Graphical summary for selection of threshold cycle (Ct) cutoff a real-time reverse transcription polymerase chain reaction (RT-PCR) assay, detecting Infectious salmon anemia virus (ISAV). A, Ct values histogram generated from 112 obtained values of the 400 Atlantic salmon tested. B, estimated 2-graph receiving operating characteristic (TG-ROC) plot with selection of cutoffs for best diagnostic specificity (DSp; line A) and best combined diagnostic sensitivity (DSe_C; line B). C, selection of Ct cutoff for best likelihood ratio of a positive test (LR+; line A); best Youden index (J), diagnostic odds ratio (DOR), and likelihood ratio of a negative test (LR−; line B). D, selection of Ct cutoff for best positive predictive value (PPV; line A) and best negative predictive value (NPV; line B) for an arbitrary prevalence of 5% (i.e., cutoffs independent of prevalence). DSe_HI = diagnostic sensitivity in highly infected fish (HI); DSe_LI = diagnostic sensitivity in lowly infected fish (LI).

Table 2.

Summary table of diagnostic purposes, corresponding probability-based criteria, and selected threshold cycle (Ct) cutoff for real-time reverse transcription polymerase chain reaction of Infectious salmon anemia virus. *

Diagnostic purposes	Selection criteria	Selected Ct cutoff
Demonstrate freedom from	Max.

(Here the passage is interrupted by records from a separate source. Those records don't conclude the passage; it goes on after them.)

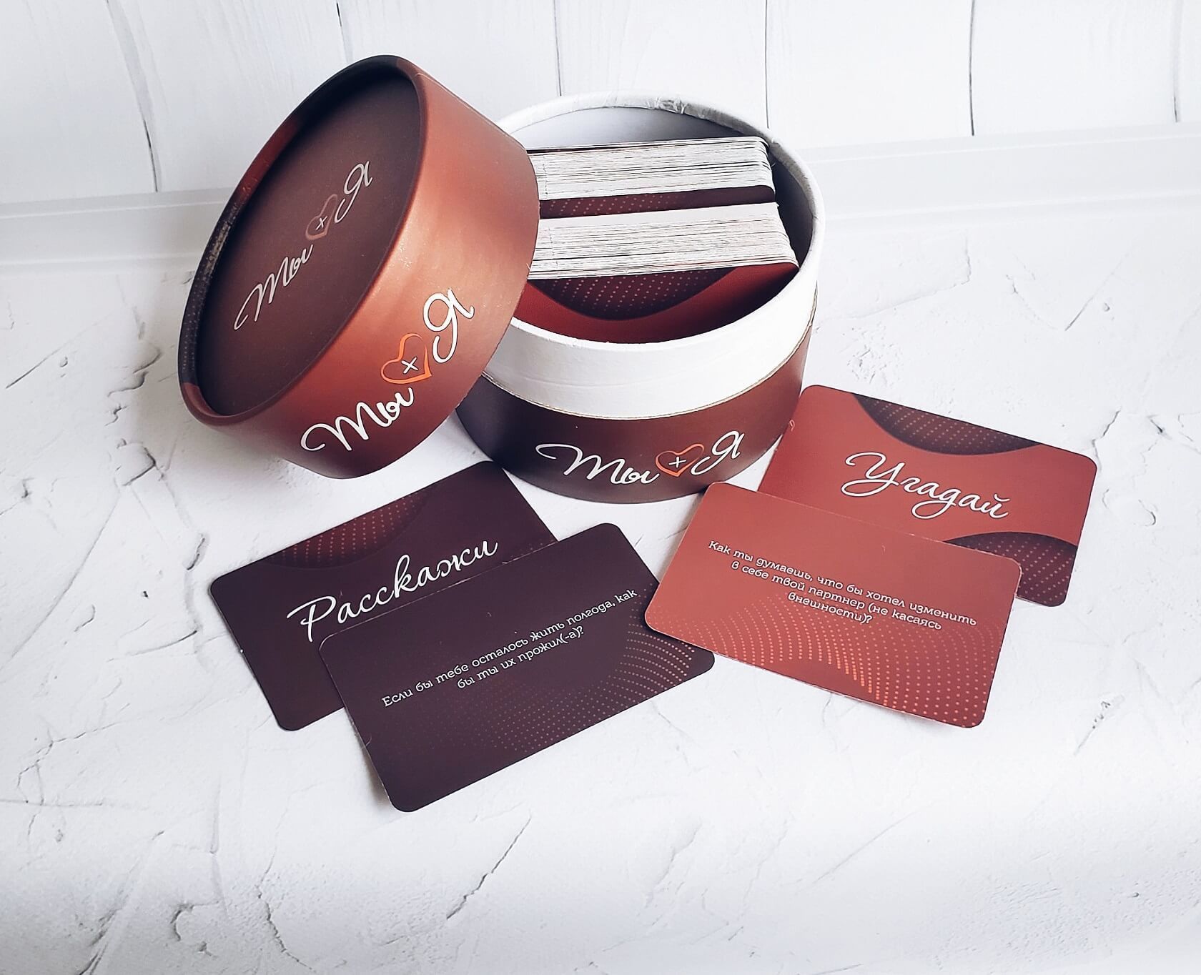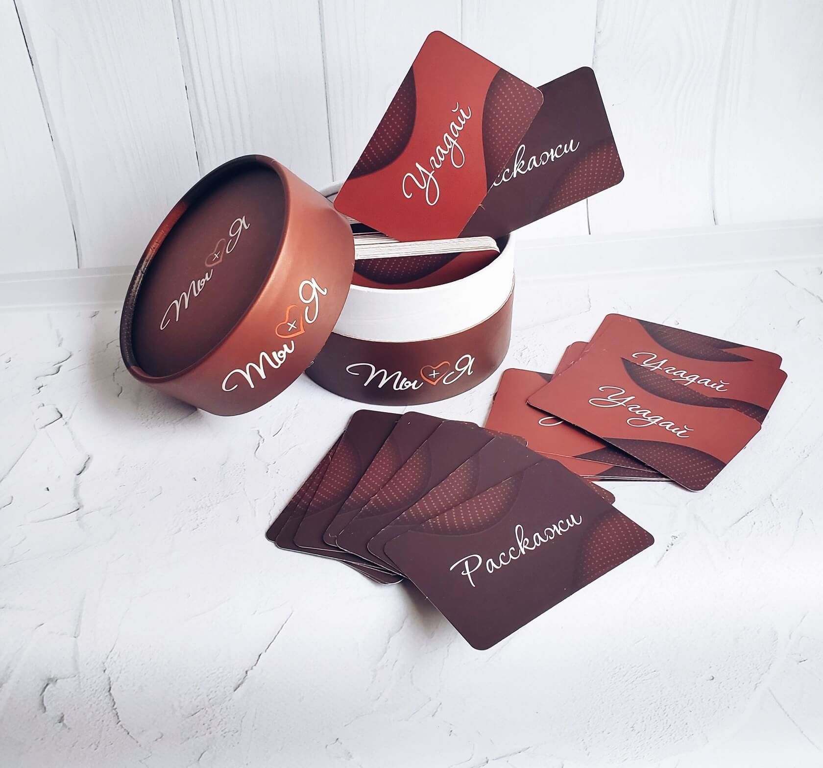 Стисло про правила: Тягніть картки з різних колод і за чергою відповідайте на запитання. Витягли картку «Розкажи» — відповідаєте на запитання, яке стосується вас. Дісталася картка «Вгадай» — намагаєтеся правильно відповісти про вашого партнера.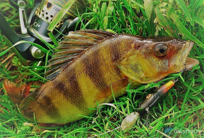 Но для окуня этот маленький симпатяга просто настоящий истребитель, особенно погожими днями, в любимую окунями солнечную погодку, как раз, когда та же щука прячется и не подает признаков активности. Тут можно спокойно полавливать полосатых без всяких металлических поводков, но в пасмурные дни небольшой поводок для защиты от щучьих зубов не помешает.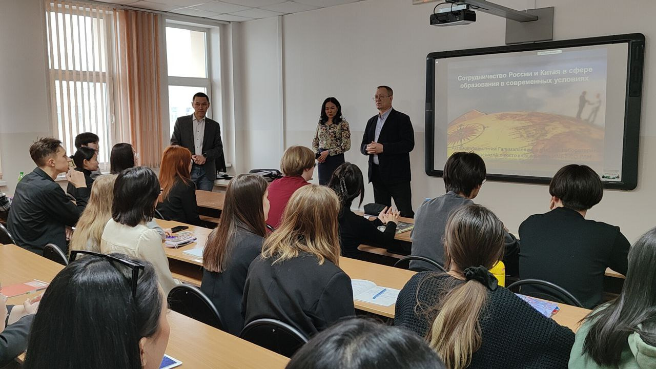 Лекция была посвящена общим вопросам сотрудничества России и Китая в условиях трансграничного взаимодействия. Исторический экскурс был связан с особенностями советско-китайского сотрудничества в сфере образования в середине 1950-х гг. Особое внимание было уделено развитию Северных регионов КНР и созданию промышленной базы в Автономном районе Внутренняя Монголия, провинциях Хэйлунцзян и Цзилинь. В качестве практического примера была дана информация о сотрудничестве Восточного института и Педагогического университета Автономного района Внутренняя Монголия КНР. Студентам была представлена информация об опыте реализации проекта «Китайский мост» (汉语桥) в условиях пандемии на китайских платформах для студентов Восточного института.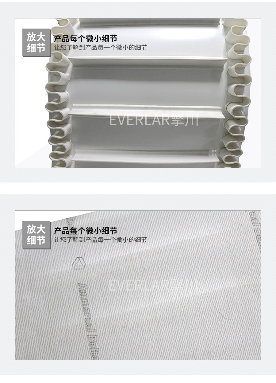 食品級輸送帶是EVERLA擎川主打產(chǎn)品之一。公司以其高科技的技術(shù)創(chuàng)新和全程控制的生產(chǎn)流程,制造出高品質(zhì)的食品輸送帶。該白色裙邊擋板食品輸送帶產(chǎn)品選用高強度優(yōu)質(zhì)聚酯織物作帶芯,帶體彈性好,不易變形,加上裙邊的設(shè)計使輸送的產(chǎn)品不易掉落。選用無污染聚氨酯或者聚氯乙烯制成白色、藍色或綠色,無污染、無異味。產(chǎn)品配方設(shè)計合理,符合衛(wèi)生指標,色澤適度,輕巧耐用。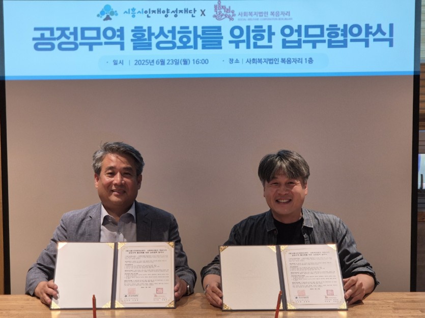 (재)시흥시인재양성재단(이사장 임병택)은 지난 23일 사회복지법인 복음자리와 공정무역 활성화 및 ESG 경영 실천을 위한 업무협약을 체결했다.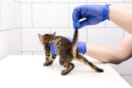 Checkup and treatment of kitten by a doctor at a vet clinic isolated on white background, vaccination of pets, look down the tail.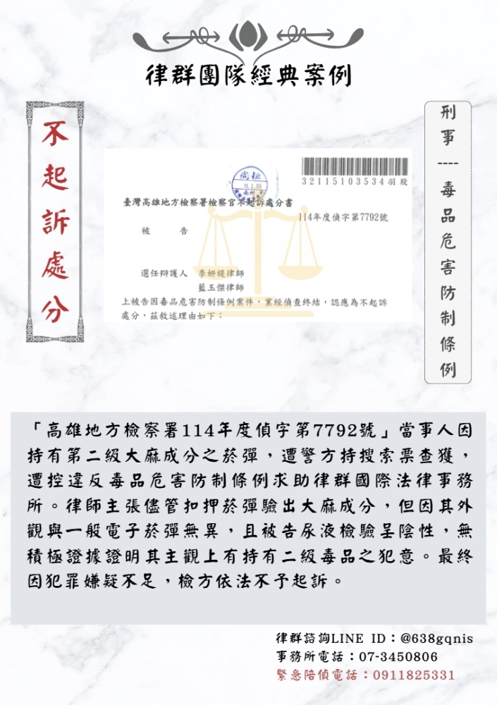 「高雄地方檢察署114年度偵字第7792號」當事人因持有第二級大麻成分之菸彈,遭警方持搜索票查獲,遭控違反毒品危害防制條例。律師主張儘管扣押菸彈驗出大麻成分,但因其外觀與一般電子菸彈無異,且被告尿液檢驗呈陰性,無積極證據證明其主觀上有持有二級毒品之犯意。最終因犯罪嫌疑不足,檢方依法不予起訴。

DSp	31
infection in a defined population	Max. PPV	31
(minimize false-positive) †	Max. LR+	31
Certify freedom from infection in	Max. DSe	42
individuals or products for	Max. NPV	42
trade/movement (minimize false-negative) ‡	Min. LR−	42
Estimate prevalence of infection or	Best DSe and DSp	42
exposure to facilitate risk analysis	Max. J	42
(minimize misclassification)	Max. PPV and NPV	42
	Max. DOR	42

Max. = maximum; DSp = diagnostic specificity; PPV = positive predictive value; LR+ = likelihood ratio of a positive test; DSe = diagnostic sensitivity; NPV = negative predictive value; Min. = minimum; LR− = likelihood ratio of a negative test; J = Youden index (DSe + DSp − 1); DOR = diagnostic odds ratio.

†

Objective also applies to confirmatory diagnosis of suspect or clinical case and eradication of infection with direct economic consequences.

†

Objective also applies to infection eradication with zoonotic consequences.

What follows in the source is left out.